An actual overdose affects multiple body systems. Someone in an overdose can experience slowed or shallow breathing; or no breathing at all. Users typically have a dry mouth, small pupils and a discolored tongue. They likely don't have a very strong pulse, and their blood pressure will be low. Usually a blue tinge to the skin, nail beds and lips is noticeable. An addict can experience muscle twitches, delirium, disorientation, drowsiness, and at the extreme, coma and death.
Overcoming Heroin Addiction
An addiction can be overcome; but no one should attempt to come off of it on their own. The withdrawal can be painful, deadly and usually unsuccessful. Professional assistance from a trained heroin rehab center gives the best chance of success in the most convenient way possible.
However, not all heroin rehab facilities are the same, nor deliver quality treatment. Many drug rehab centers administer powerful prescription drugs as a major part of their treatment methodology. The most popular of these drugs are methadone and buprenorphine. They both are highly addictive and merely result in the addict swapping their original addiction to now a prescription drug.

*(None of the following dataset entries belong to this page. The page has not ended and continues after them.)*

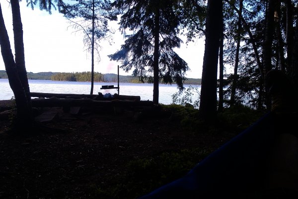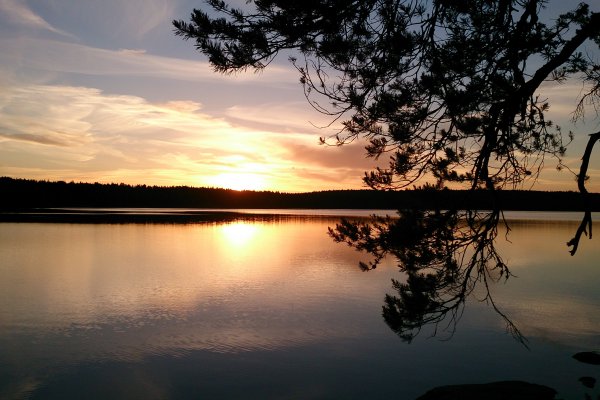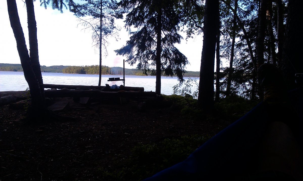 Ungefähr eine halbe Stunde nach unseren ersten Paddelschlägen (ich muss dazu sagen: ich war davor überhaupt erst ein einziges Mal Kanu fahren, und das war Jahre her, und zusammen hatten wir beide das sowieso noch nie gemacht) erreichten wir dann „unsere“ Insel, unser Zuhause für eine Woche. Trotz stellenweise gefühlt ordentlich Gegenwind und Wellen kamen wir trocken an. Wir hatten Glück, wir waren früh dran in der Saison, Mitte Juni, da war noch kaum etwas los. Außer „unserer“ Insel waren nur noch 3 weitere besetzt, und so haben wir, obwohl nur zu zweit, eine der größeren zugeteilt bekommen. Die haben wir auch gleich mal ein wenig erkundet, zumindest rund um unsere Anlegestelle, und dann dort auch unser Lager aufgeschlagen. Bevor wir uns aber richtig eingerichtet haben, stiegen wir nochmal ins Kanu und sahen uns die Gegend rund um unsere Insel noch genauer an. Kein Mensch dort, sehr ungewohnt, wenn man sonst eher in größeren Städten unterwegs ist! Später sortierten wir noch unser Gepäck, inspizierten Verpflegung und Kochbuch (gut, wir werden sicher nicht verhungern, reichlich von allem da! Aber ein Essensplan für die Woche schadete dennoch nicht), und, ganz wichtig, meine Hängematte fand zwischen 2 Bäumen auch einen guten Platz. Hängematte, Insel, Wasser – viel mehr braucht´s doch gar nicht. Unser erstes Abendessen waren Bratkartoffeln, gekocht und gebraten auf dem Lagerfeuer, und sehr lecker. Ein heißer Tee war dann auch super, denn gegen Abend wurde es doch noch ziemlich kühl. Zum Sonnenuntergang-Gucken fanden wir auch einen tollen Aussichtspunkt auf der anderen Seite der Insel. Die Idylle wurde nur ein wenig getrübt durch jemanden, der mit seinem wirklich lautem Motorboot extrem langsam irgendwo auf der anderen Seeseite längstuckerte. Abgesehen davon war es so ungewohnt ruhig – kein Wind mehr, keine Wellen, Stille. Auch nachdem die Sonne untergegangen war, wurde es aber nicht dunkel, sondern dämmerig. Midsommar stand auch kurz bevor. Irgendwann fallen wir dann aber doch ganz schön müde ins „Bett“.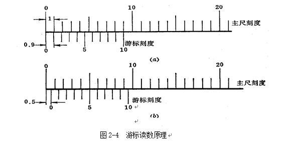 如圖2―4(a)所示,主尺刻線間距(每格)為1mm,當(dāng)游標(biāo)零線與主尺零線對(duì)準(zhǔn)(兩爪合并)時(shí),游標(biāo)上的第10刻線正好指向等于主尺上的9mm,而游標(biāo)上的其他刻線都不會(huì)與主尺上任何一條刻線對(duì)準(zhǔn)。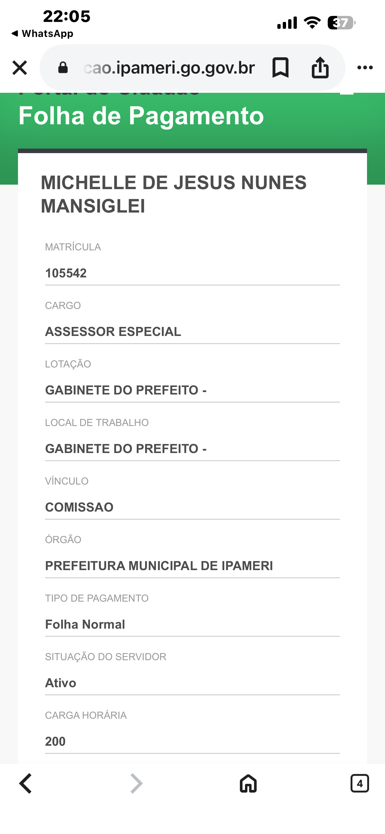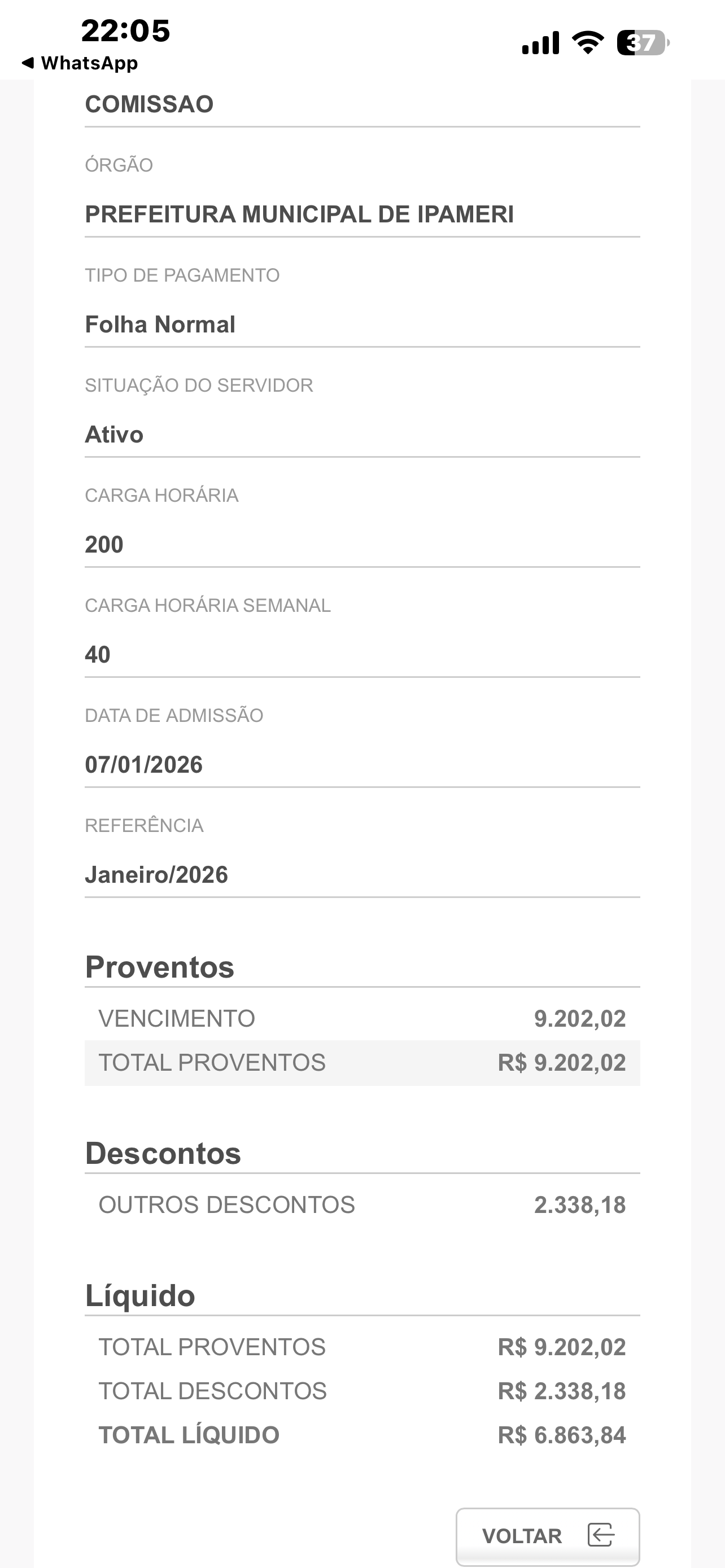 Em janeiro de 2026, os registros oficiais da Folha de Pagamento da Prefeitura de Ipameri mostram que a mesma pessoa reaparece agora como:

Keeping a person dependent on any substance is not true rehabilitation and is why the best heroin rehabs apply holistic and completely drug-free treatment programs. Various mental health techniques are used to help individuals understand and overcome their addiction. Cognitive behavioral therapy is the most commonly used and best approach to help the person learn to cope with their emotions without resorting to escaping through drugs.